Work instruction — Begin your transcription at the line containing "Бархатный серебристый блейзер" and continue it, word for word, to the final line below. Include only those lines and skip the pictures.

The records —
# # # #

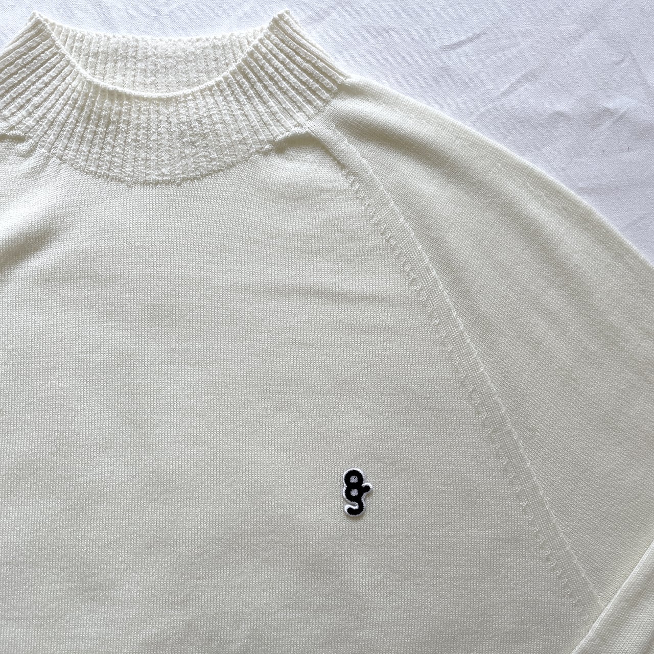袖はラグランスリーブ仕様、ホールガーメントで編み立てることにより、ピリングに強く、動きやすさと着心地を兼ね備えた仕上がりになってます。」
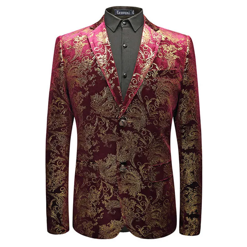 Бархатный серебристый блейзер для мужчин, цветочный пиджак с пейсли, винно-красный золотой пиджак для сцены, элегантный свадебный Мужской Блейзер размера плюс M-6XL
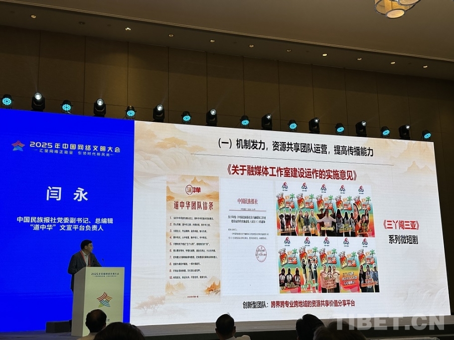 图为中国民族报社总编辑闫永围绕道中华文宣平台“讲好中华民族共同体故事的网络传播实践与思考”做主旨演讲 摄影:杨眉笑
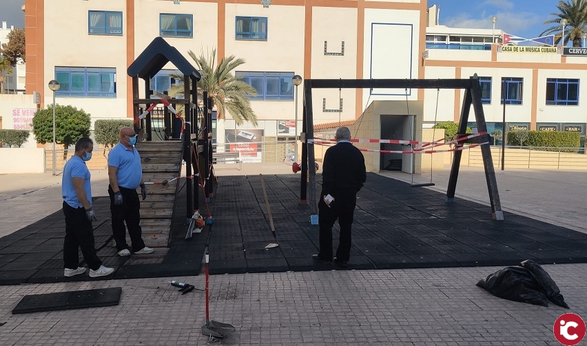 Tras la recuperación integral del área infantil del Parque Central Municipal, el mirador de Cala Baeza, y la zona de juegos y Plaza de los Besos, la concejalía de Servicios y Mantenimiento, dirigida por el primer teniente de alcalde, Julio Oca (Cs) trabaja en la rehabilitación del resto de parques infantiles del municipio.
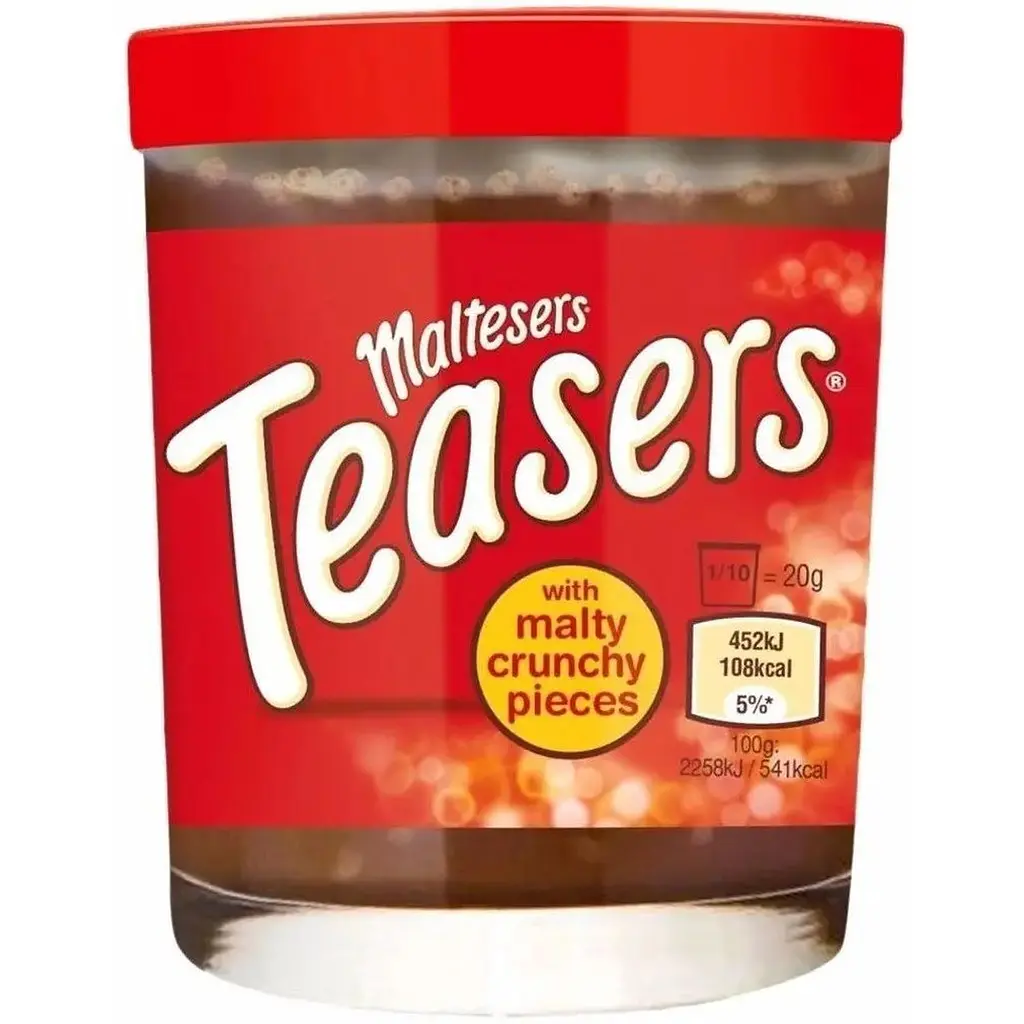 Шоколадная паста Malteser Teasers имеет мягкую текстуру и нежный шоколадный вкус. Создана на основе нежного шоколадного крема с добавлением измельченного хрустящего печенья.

# # # #

Output —
 Бархатный серебристый блейзер для мужчин, цветочный пиджак с пейсли, винно-красный золотой пиджак для сцены, элегантный свадебный Мужской Блейзер размера плюс M-6XL
 图为中国民族报社总编辑闫永围绕道中华文宣平台“讲好中华民族共同体故事的网络传播实践与思考”做主旨演讲 摄影:杨眉笑
 Tras la recuperación integral del área infantil del Parque Central Municipal, el mirador de Cala Baeza, y la zona de juegos y Plaza de los Besos, la concejalía de Servicios y Mantenimiento, dirigida por el primer teniente de alcalde, Julio Oca (Cs) trabaja en la rehabilitación del resto de parques infantiles del municipio.
 Шоколадная паста Malteser Teasers имеет мягкую текстуру и нежный шоколадный вкус. Создана на основе нежного шоколадного крема с добавлением измельченного хрустящего печенья.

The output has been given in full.